Study: Heart Disease in Women May Be Linked to Number of BirthsAmy Kuras
Two is the magic number — at least when it comes to reducing your risk of heart disease. A Swedish study that followed 1.3 million women for as long as 23 years, and an average of 9 and a half found that those who’d given birth twice were at the lowest risk for cardovascular disease after the age of 50.
Those at highest risk 60 percent higher — had given birth five or more times. It’s not a matter of “the fewer births, the better,” though. Giving birth once, three times, or never added a 10 percent higher risk of heart disease. Four births correlated with a 30 percent increase in risk.

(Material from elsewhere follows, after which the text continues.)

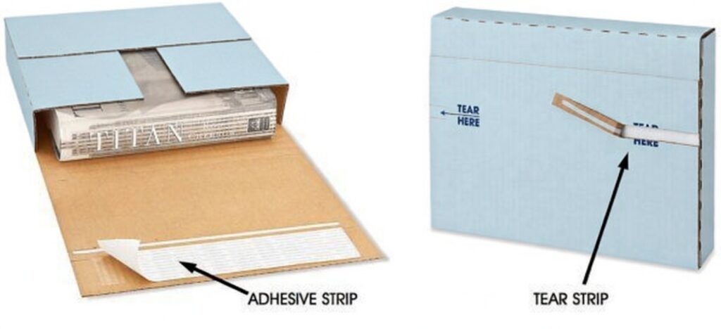 Adhesive strip seals carton shut.

Pregnancy complications, such as high blood pressure and pregnancy-related diabetes, or birth-related complications did not explain the link between number of births and later heart disease and stroke risk.
Researchers at Karolinska Institutet in Stockholm noted that pregnancy leads to significant changes in how blood flows in and through blood vessels. That can alter risk for heart disease and stroke. It’s hoped that studying these changes can lead to a greater understanding of heart disease in women.
This study is significant because of its size and the conclusive nature of its findings. Most other studies have been small and had conflicting results. Given that Sweden has genrous health care and maternity leave granted to all citizens, I do wonder if the results would be the same here.